Os investigadores não querem ficar pelo estado actual do conhecimento. O próximo objectivo é baixar ainda mais o limite de detecção. Li e a sua equipa trabalham em métodos que permitam identificar de forma sistemática fracções de gelo de apenas cerca de um por cento.

São imagináveis combinações de:

  • câmaras ainda mais sensíveis para zonas sombreadas
  • espectrómetros capazes de captar assinaturas químicas
  • técnicas de radar que revelem estruturas no subsolo

Em paralelo, várias agências espaciais preparam missões com módulos de aterragem e rovers que deverão perfurar directamente nas zonas de sombra e analisar amostras. Só medições feitas no local permitirão mostrar com segurança quanta água congelada permanece escondida mais abaixo.

O que significa tecnicamente “permanentemente sombreado”

A expressão parece simples, mas descreve um fenómeno específico. A Lua está ligeiramente inclinada em relação ao Sol, porque o seu eixo de rotação tem uma inclinação reduzida. Em crateras profundas perto dos pólos, isso chega para que o fundo nunca receba luz solar directa. É quase como se o Sol apenas roçasse o horizonte.

Com isso, as temperaturas mantêm-se extremamente baixas, muitas vezes mais frias do que à superfície de Plutão. Em ambientes destes, a água não se evapora facilmente e pode permanecer congelada durante períodos geológicos - desde que lá chegue e não seja deslocada antes.

Riscos e oportunidades para a futura exploração lunar

Para o planeamento espacial, este estudo traz duas mensagens em simultâneo: menos segurança na planificação, mas também mais clareza científica. Quem conceber agora uma base lunar terá de contar mais com importações, prever maiores reservas e avaliar fontes alternativas de recursos, como o oxigénio extraído da rocha lunar.

Ao mesmo tempo, o resultado obriga a dados melhores e a modelos mais rigorosos. Qualquer agência que queira pousar um módulo perto dos pólos sabe agora que, sem um reconhecimento prévio minucioso feito por um orbitador, arrisca aterragem no sítio errado - e com o tanque vazio dentro de um “cratera de gelo”.
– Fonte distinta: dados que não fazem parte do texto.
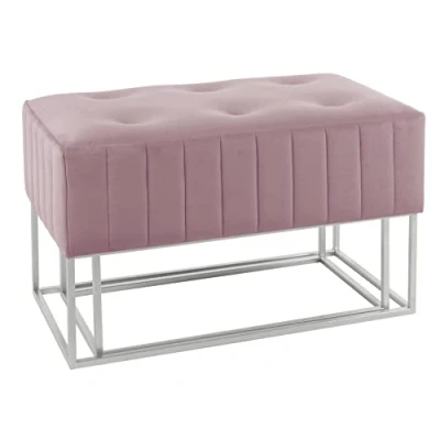 Hodge and Nesting Ottoman Stools Set Of 2 Velvet Pouffes Silver Metal Legs Pink
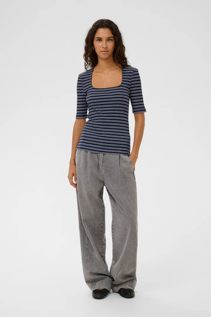 Ribbed striped top with a square neckline and fitted silhouette. Elbow-length sleeves and soft texture offer a modern, streamlined look for any casual style

Na prática, isso também significa que a tecnologia de perfuração, os sistemas de extracção e as unidades de processamento terão de funcionar com concentrações muito baixas. Em vez de explorar alguns grandes blocos de gelo, pode ser necessário processar enormes quantidades de poeira durante anos para obter volumes de água relevantes.

Para a ciência, este estudo abre ainda outra leitura sobre a história da Lua. Se houver menos gelo nas depressões polares, isso sugere um passado mais dinâmico: impactos, deslizamentos e processos térmicos podem ter redistribuído ou destruído parte desses antigos depósitos. Cada novo conjunto de dados reforça a ideia de que a Lua é menos um congelador parado no tempo e mais um corpo celeste complexo e activo do que se pensou durante muito tempo.